Data below =>
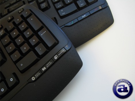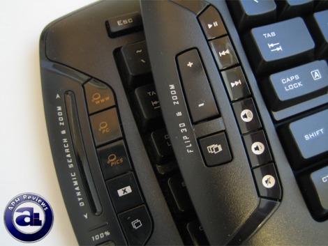 The media keys are moved from the LCD area perimeter to the left on the Logitech MX5500 keyboard. The six media controls replaces five miscellaneous buttons on the Logitech MX3200; while the touch strip and touch sensitive zoom reset button are replaced by a tactile zoom in/out button with a labeled Vista Flip3D hotkey right underneath. Besides that, the physical design and style of button placement in this area is very similar between the MX3200 and MX5500.
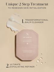 Step 1: Apply the Cleansing Balm onto dry skin and gently massage the face, neck, and eye area until the balm transforms into an oil. Rinse with lukewarm water for the oil to transform into a milky emulsion as the final step. Then, rinse off completely and pat dry. Step 2: Press the Exfoliating Refiner into the skin with fingertips or swipe across the skin with a pad. Avoid eye area.
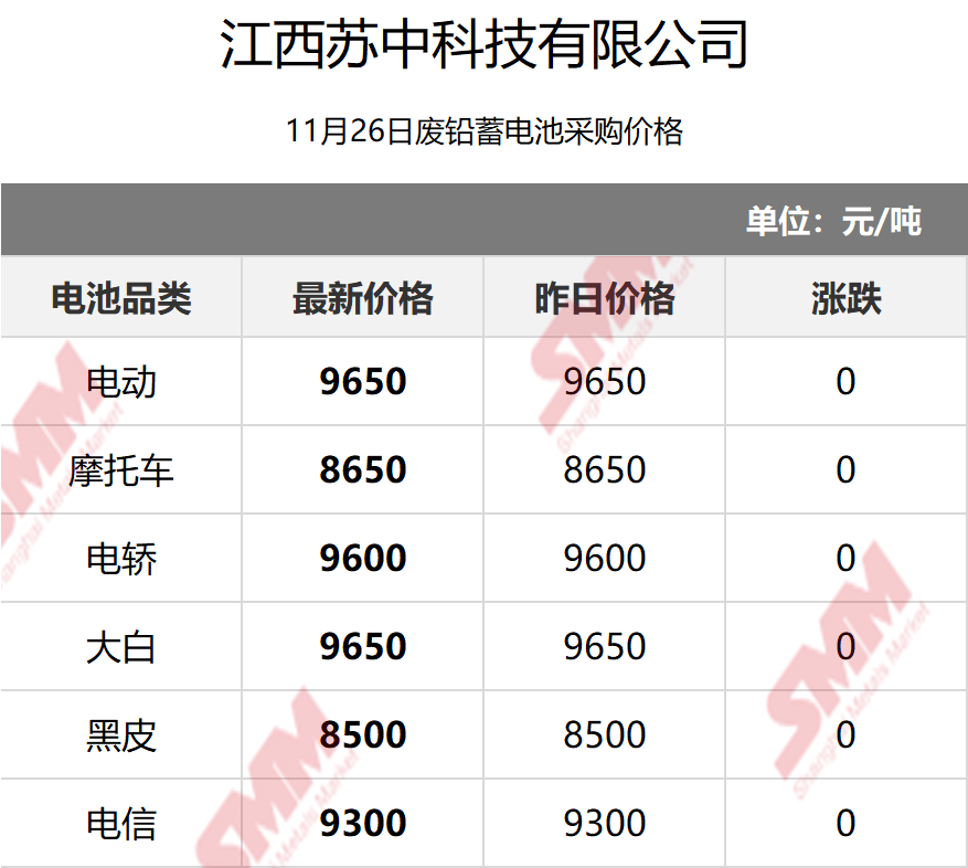 SMM 2025/12/8 国内知名再生铅企业废电瓶采购报价
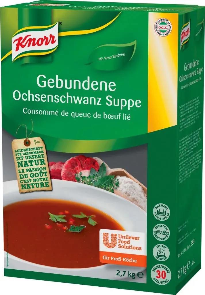 Zustand: Neu - Tütensuppen - Knorr Unilever Germany Food Solutions - 393 - EAN: 4007801103936 - Produkte für die professionelle Küche, Großverbraucher und Notvorrat Lebensmittel Trockenmischung für die Zubereitung einer gebundenen Ochsenschwanzsuppe Klare Suppe mit kräftigem Oxtail Geschmack und Rosmarinnote Ochsenschwanzsuppe beinhaltet Gemüse aus dem Knorr Programm Anbau für die Zukunft Schnelle und einfache Zubereitung einer leckeren Ochsenschwanzsuppe Mit klassischer Rouxbindung - Verkäufer: Mega-Paradies GmbH im amazon.de Marketplace Diese Unilever Deutschland Knorr Gebundene Ochsenschwanzsuppe ist eine sehr große Packung für den professionellen Gebrauch. ![]() ![]() Unilever Deutschland Knorr Gebundene Ochsenschwanzsuppe

What the exercise asks => Starting at the top of the listing above, please restate word for word each line up to and including the one that holds "SMM 2025/12/8 国内知名再生铅企业废电瓶采购报价", omitting every image.

Output of the exercise =>
 The media keys are moved from the LCD area perimeter to the left on the Logitech MX5500 keyboard. The six media controls replaces five miscellaneous buttons on the Logitech MX3200; while the touch strip and touch sensitive zoom reset button are replaced by a tactile zoom in/out button with a labeled Vista Flip3D hotkey right underneath. Besides that, the physical design and style of button placement in this area is very similar between the MX3200 and MX5500.
 Step 1: Apply the Cleansing Balm onto dry skin and gently massage the face, neck, and eye area until the balm transforms into an oil. Rinse with lukewarm water for the oil to transform into a milky emulsion as the final step. Then, rinse off completely and pat dry. Step 2: Press the Exfoliating Refiner into the skin with fingertips or swipe across the skin with a pad. Avoid eye area.
 SMM 2025/12/8 国内知名再生铅企业废电瓶采购报价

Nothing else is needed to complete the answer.